Leavitt might well be describing her own skill as a writer, one not content with surface images. Pictures of You is a rich, nuanced portrait of four lives intertwined by tragic coincidence: Two women fleeing their marriages on Cape Cod collide on a foggy road, and one dies. The survivor, stunned by a bevy of emotions, finds herself drawn to the dead woman’s confused, grieving husband and to her asthmatic son, who witnessed the accident.
But that summary doesn’t capture the intimacy with which the characters and their secret lives unfold in unexpected ways. Leavitt endows each with a complex back story as they try to move forward. Isabelle, always so resourceful, feels beaten down after the accident, which capped the wreck of her marriage. Charlie Nash doesn’t understand why his wife April had a suitcase for herself in the car but not one for Sam. And Sam — ah, Sam. Inhaler in hand, he braves bullies at school and clings to the notion that Isabelle, glimpsed on the roadside, is an angel who will somehow lead him to his mother.
It might sound grim, but it isn’t. It just feels real, with humor and hope glinting through the dark times. (Witness the essential role played by a tortoise named Nelson.) Leavitt cares about her flawed characters, and readers care, too.

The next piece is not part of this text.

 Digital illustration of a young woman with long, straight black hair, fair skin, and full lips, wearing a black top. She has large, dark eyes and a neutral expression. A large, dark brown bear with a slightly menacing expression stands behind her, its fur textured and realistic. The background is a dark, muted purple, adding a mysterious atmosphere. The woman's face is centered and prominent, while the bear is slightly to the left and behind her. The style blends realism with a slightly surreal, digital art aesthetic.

“How did things happen?” Charlie muses to himself. He has tried to be a good guy. “You could be generous with the love you gave, with the care you took with others. You could follow all the commandments that made sense to you and still the world could sideswipe you. ”

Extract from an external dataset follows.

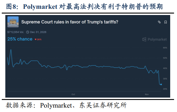 今年5月,美国国际贸易法院裁定特朗普依据国际紧急经济权利法(IEEPA)征收对等关税不符合法案本身内容,特朗普随后一路上诉至最高法院。11月5日,美国最高法院将就该案进行了口头辩论,随后法院将举行闭门会议对案件进行初步投票和讨论,并撰写多数派意见书。由于总统绕过国会授权,依据IEEPA无限制加征关税这一行为违反了三权分立这一美国政治制度设计的核心价值观,因此虽然当前最高法的9位大法官中有6位由共和党总统提名、其中3位更是由特朗普本人提名,但当前市场仍预期最高法院大概率将裁定IEEPA关税违法。而在最高法院口头辩论后,博彩网站Kalshi与Polymarket分别预测最高法院对IEEPA的裁决有利于特朗普的概率仅有23%、25%。

Charlie, Sam and Isabelle are left to pick up the pieces in surprising yet realistic ways. Leavitt’s picture of them is moving and memorable.
Open Book: I received an advance galley of Caroline Leavitt’s Pictures Of You (Algonquin Books of Chapel Hill). Caroline and I first exchanged e-mails when we were both reviewing for newspapers some years ago. Now we’re Facebook friends. I hope we actually meet someday so I can see the red cowboy boots she’s wearing on book tour.
I loved your review. This is one book that I hope to get to soon — just love that cover as well.
I’ve read a handful of reviews of this one, and I’m definitely game. Have you read Red Hook Road? It sounds alot like the plot of that novel, which wasn’t a five star read for me, but to this day, still haunts me in a good way. Maybe it was a five star after all…
Thank you SO SO much for this review! I’m so honored and excited!